* [TASK]: Search the listing below for the line containing "托班幼儿们在老师的帮助下,制". From there through the line containing "Sri Krishna Pharma, a", transcribe every line exactly, both ends included.

* [SUPPLIED INFORMATION]:
_____

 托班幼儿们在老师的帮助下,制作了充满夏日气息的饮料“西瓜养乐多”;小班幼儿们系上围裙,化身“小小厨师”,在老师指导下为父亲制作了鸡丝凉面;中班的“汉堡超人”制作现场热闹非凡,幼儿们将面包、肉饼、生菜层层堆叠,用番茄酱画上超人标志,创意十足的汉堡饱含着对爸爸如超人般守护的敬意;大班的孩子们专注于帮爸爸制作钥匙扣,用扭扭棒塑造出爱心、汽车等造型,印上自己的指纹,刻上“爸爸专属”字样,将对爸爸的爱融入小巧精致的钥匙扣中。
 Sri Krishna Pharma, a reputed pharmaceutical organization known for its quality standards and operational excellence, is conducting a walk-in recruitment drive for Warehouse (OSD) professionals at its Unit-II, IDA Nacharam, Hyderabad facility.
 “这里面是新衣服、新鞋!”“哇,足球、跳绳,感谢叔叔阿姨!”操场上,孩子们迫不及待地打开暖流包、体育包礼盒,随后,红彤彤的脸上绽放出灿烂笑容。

_____

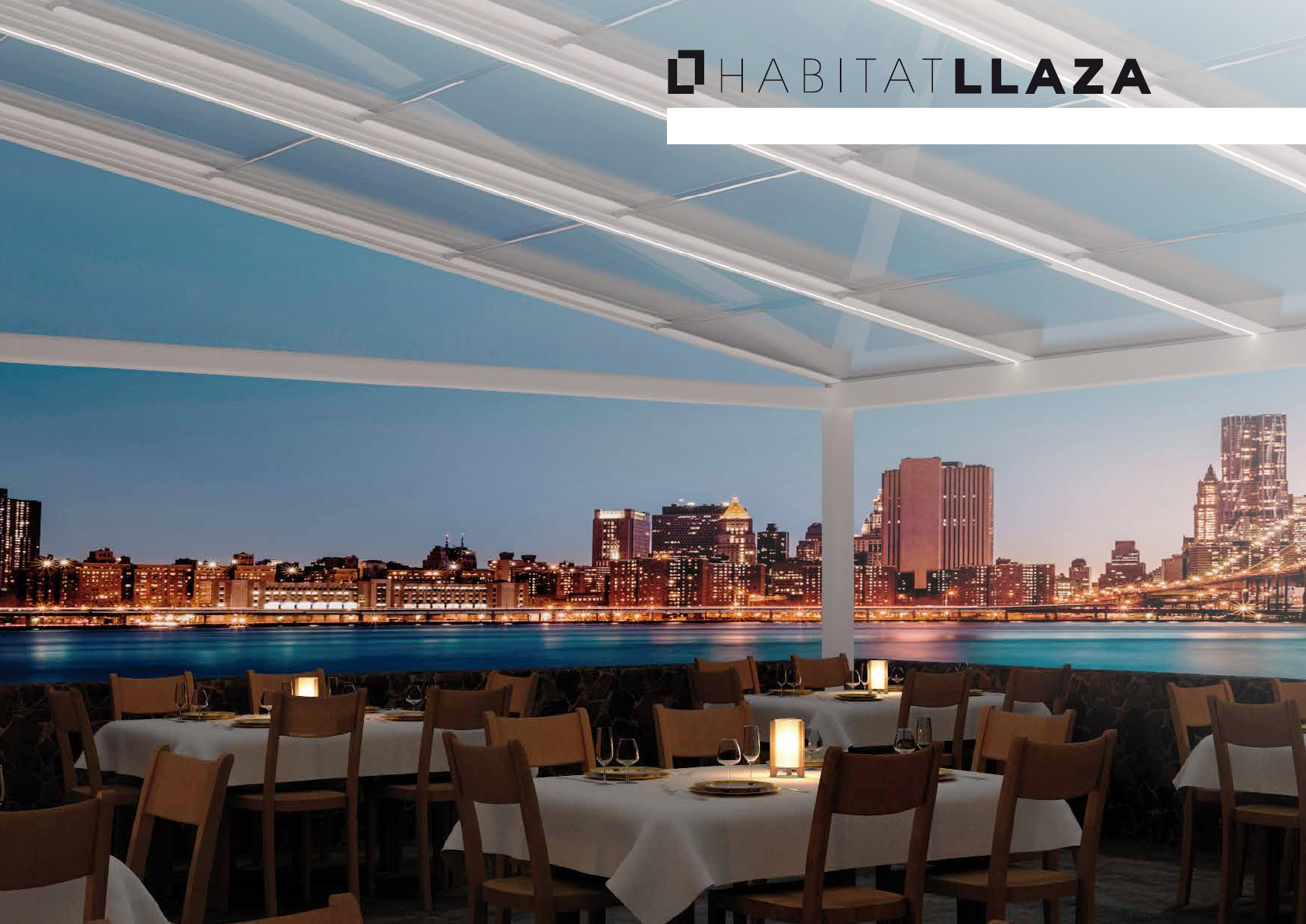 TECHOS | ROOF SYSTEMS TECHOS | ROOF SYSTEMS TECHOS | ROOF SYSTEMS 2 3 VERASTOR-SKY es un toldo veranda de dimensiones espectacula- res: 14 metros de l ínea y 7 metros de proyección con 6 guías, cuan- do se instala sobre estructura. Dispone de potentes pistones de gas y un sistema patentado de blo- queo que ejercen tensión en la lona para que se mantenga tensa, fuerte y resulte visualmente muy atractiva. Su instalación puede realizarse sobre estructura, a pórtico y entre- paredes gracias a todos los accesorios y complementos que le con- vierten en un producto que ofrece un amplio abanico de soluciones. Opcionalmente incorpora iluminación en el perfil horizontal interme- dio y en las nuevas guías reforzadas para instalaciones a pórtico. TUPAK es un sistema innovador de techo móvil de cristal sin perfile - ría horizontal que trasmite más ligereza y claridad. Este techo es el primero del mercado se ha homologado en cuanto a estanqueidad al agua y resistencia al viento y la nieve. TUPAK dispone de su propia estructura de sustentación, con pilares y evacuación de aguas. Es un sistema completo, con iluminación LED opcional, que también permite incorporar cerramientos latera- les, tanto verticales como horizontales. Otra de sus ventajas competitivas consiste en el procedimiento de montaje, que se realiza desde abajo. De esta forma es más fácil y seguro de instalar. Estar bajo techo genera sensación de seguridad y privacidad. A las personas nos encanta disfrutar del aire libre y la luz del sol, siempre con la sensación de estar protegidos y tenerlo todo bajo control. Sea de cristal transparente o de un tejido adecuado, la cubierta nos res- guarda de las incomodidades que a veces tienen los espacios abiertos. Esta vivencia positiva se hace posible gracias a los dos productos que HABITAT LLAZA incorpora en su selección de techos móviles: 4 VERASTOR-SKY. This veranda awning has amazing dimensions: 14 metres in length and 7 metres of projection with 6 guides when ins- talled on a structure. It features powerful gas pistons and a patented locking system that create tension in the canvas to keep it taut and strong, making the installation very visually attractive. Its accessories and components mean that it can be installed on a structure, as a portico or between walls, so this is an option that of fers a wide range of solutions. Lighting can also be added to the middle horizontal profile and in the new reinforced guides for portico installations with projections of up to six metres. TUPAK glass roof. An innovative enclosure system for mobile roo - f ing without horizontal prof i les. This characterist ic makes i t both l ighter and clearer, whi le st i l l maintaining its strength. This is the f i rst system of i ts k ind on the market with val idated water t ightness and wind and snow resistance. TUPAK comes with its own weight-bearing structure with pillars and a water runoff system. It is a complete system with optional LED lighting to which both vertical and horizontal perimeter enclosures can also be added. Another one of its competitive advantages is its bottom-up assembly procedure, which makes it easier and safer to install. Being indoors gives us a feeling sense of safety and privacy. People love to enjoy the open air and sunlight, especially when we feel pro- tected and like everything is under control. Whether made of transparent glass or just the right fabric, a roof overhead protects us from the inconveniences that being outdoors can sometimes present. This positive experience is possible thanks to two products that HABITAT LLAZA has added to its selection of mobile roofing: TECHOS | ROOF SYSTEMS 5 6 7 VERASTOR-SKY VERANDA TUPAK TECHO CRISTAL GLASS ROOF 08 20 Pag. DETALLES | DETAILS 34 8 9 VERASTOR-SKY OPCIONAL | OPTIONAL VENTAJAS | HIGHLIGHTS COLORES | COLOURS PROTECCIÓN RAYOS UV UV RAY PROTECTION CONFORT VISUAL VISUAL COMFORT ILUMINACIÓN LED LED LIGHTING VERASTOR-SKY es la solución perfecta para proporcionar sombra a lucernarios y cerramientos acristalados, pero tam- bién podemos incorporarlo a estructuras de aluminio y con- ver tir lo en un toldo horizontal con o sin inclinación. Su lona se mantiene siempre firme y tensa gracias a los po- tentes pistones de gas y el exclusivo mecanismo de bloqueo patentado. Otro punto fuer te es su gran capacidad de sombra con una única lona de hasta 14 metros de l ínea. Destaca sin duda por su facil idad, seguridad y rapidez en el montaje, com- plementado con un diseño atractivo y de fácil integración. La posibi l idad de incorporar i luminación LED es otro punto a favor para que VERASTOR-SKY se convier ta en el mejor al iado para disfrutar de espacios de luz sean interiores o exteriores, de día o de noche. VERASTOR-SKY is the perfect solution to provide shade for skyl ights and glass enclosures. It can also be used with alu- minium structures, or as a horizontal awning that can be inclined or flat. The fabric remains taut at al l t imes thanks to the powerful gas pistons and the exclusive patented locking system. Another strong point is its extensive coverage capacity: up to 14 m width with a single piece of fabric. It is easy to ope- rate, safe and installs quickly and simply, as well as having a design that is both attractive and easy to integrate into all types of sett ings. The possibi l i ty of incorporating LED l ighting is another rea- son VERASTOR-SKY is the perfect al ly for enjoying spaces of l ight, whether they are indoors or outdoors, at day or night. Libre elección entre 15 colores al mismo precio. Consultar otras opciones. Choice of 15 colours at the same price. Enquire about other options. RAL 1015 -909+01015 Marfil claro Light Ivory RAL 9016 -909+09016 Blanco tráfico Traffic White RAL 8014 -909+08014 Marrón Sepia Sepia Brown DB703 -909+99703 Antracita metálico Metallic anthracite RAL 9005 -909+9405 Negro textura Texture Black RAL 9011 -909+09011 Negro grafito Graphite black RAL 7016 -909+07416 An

_____

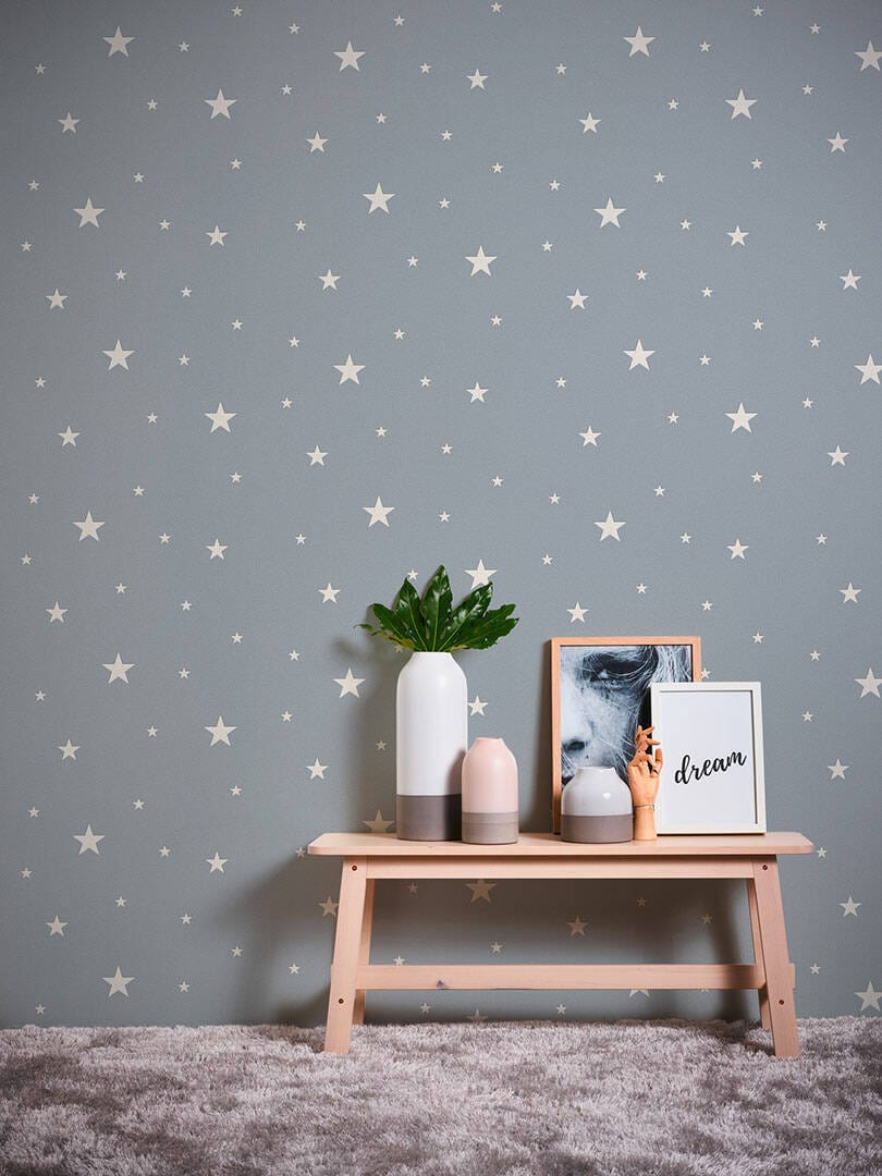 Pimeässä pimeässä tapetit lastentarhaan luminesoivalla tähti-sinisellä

_____

* [TASK OUTPUT]:
 托班幼儿们在老师的帮助下,制作了充满夏日气息的饮料“西瓜养乐多”;小班幼儿们系上围裙,化身“小小厨师”,在老师指导下为父亲制作了鸡丝凉面;中班的“汉堡超人”制作现场热闹非凡,幼儿们将面包、肉饼、生菜层层堆叠,用番茄酱画上超人标志,创意十足的汉堡饱含着对爸爸如超人般守护的敬意;大班的孩子们专注于帮爸爸制作钥匙扣,用扭扭棒塑造出爱心、汽车等造型,印上自己的指纹,刻上“爸爸专属”字样,将对爸爸的爱融入小巧精致的钥匙扣中。
 Sri Krishna Pharma, a reputed pharmaceutical organization known for its quality standards and operational excellence, is conducting a walk-in recruitment drive for Warehouse (OSD) professionals at its Unit-II, IDA Nacharam, Hyderabad facility.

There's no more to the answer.